[Opening Information provided section]

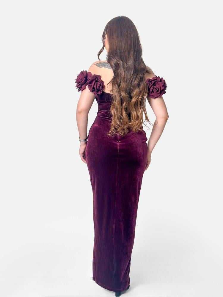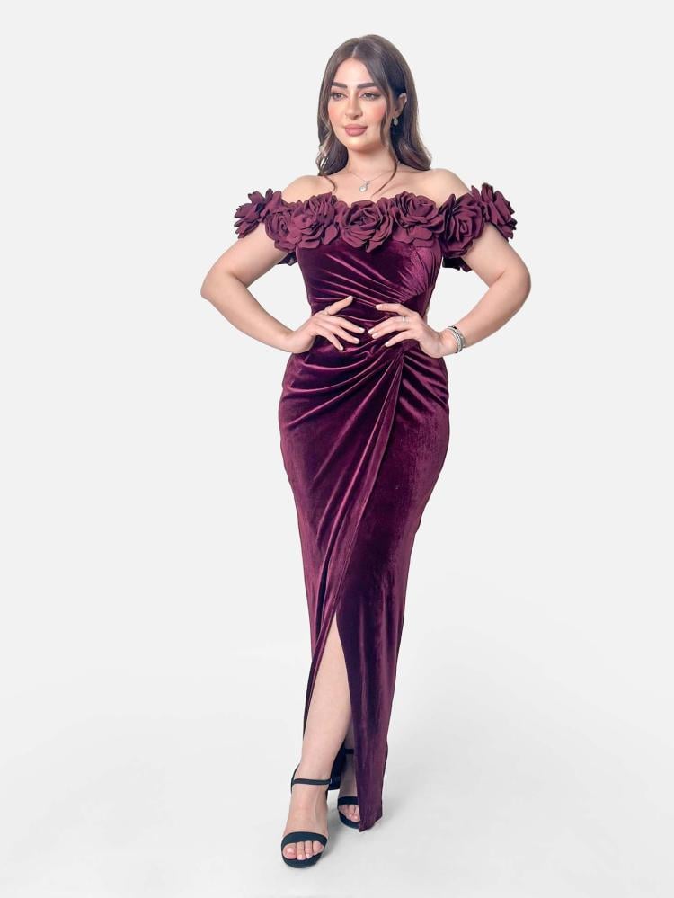 تميزي بإطلالة ساحرة مع فستان السهرة المخملي باللون العنابي المزود بتفاصيل الورود ثلاثية الأبعاد على الأكتاف، مما يمنحه لمسة فاخرة وفريدة.
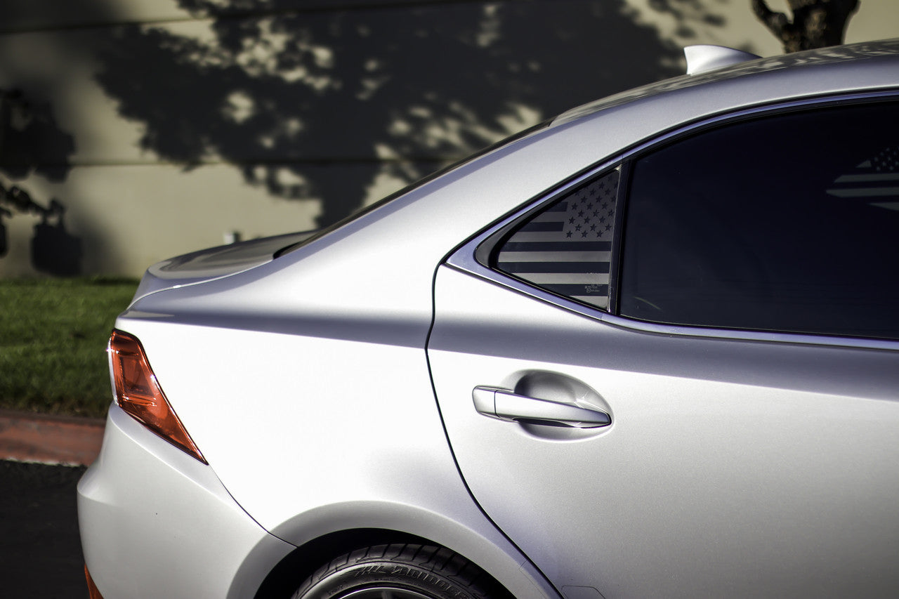 This American Flag Quarter Window Decal set takes your 2014-2018 Lexus IS un-used quarter window and turns it into a great focal point with this patriotically stylish flag decal. It comes in a satin black OR satin grey finish that adds just the right amount of "cool factor" without being too flashy or in-your-face.
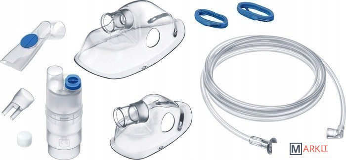 Ингалятор, распылитель, трубка-удлинитель, мундштук, маска для взрослых, маска для детей, насадка для носа, нозальный душ, запасной фильтр, сумка для хранения, данная инструкция по применению
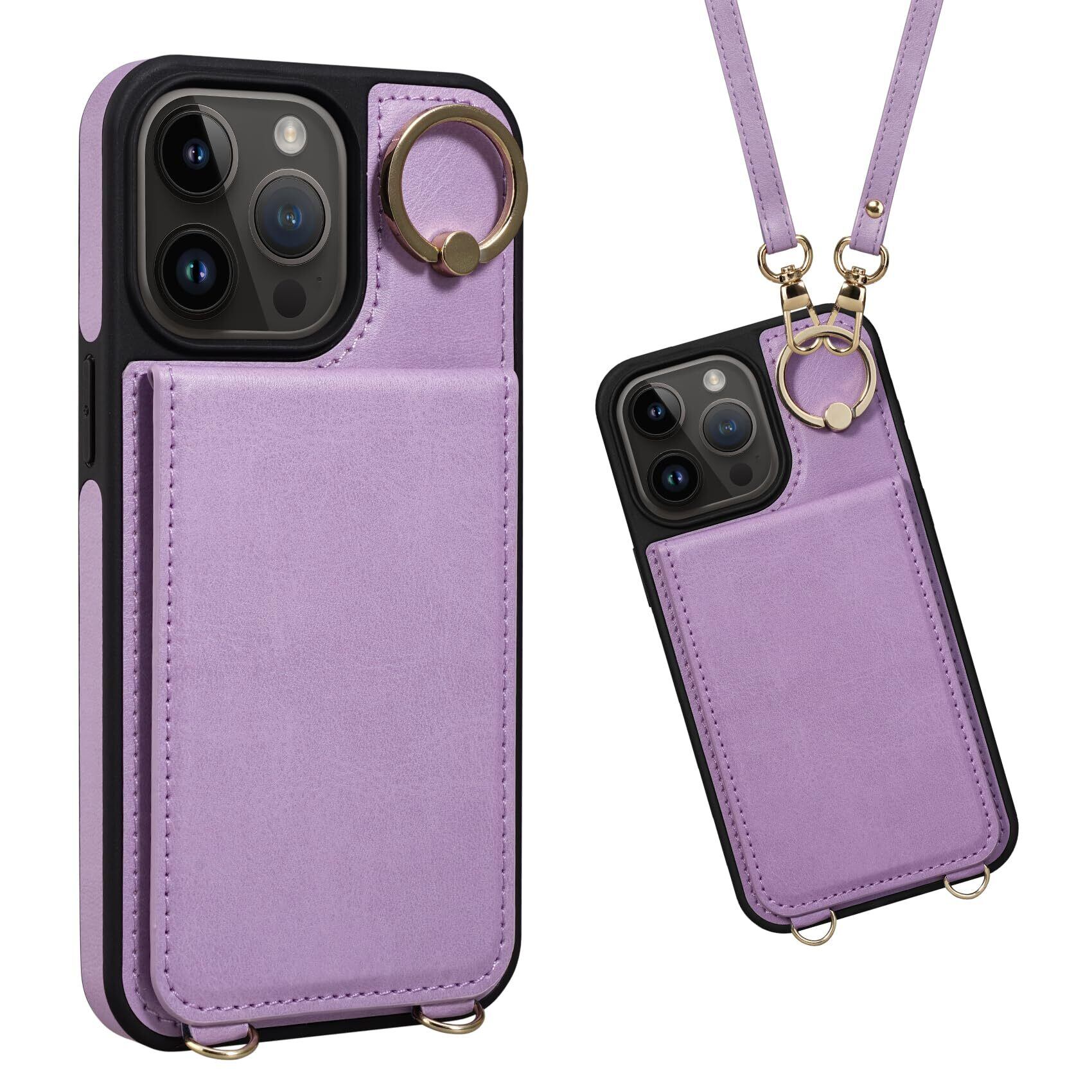 Shlybaay iPhone 15 Pro Max (iPhone 15 プロ マックス) 用 手帳型背面ケース カード収納&ストラップ付き 肩掛け 斜め掛け PUレザー マグネット対応 スタンド機能 可愛い 6.7インチ パープル

[Closing Information provided section]

## Work order:
Output all data exactly, omitting images.

## Response to the task:
 تميزي بإطلالة ساحرة مع فستان السهرة المخملي باللون العنابي المزود بتفاصيل الورود ثلاثية الأبعاد على الأكتاف، مما يمنحه لمسة فاخرة وفريدة.
 This American Flag Quarter Window Decal set takes your 2014-2018 Lexus IS un-used quarter window and turns it into a great focal point with this patriotically stylish flag decal. It comes in a satin black OR satin grey finish that adds just the right amount of "cool factor" without being too flashy or in-your-face.
 Ингалятор, распылитель, трубка-удлинитель, мундштук, маска для взрослых, маска для детей, насадка для носа, нозальный душ, запасной фильтр, сумка для хранения, данная инструкция по применению
 Shlybaay iPhone 15 Pro Max (iPhone 15 プロ マックス) 用 手帳型背面ケース カード収納&ストラップ付き 肩掛け 斜め掛け PUレザー マグネット対応 スタンド機能 可愛い 6.7インチ パープル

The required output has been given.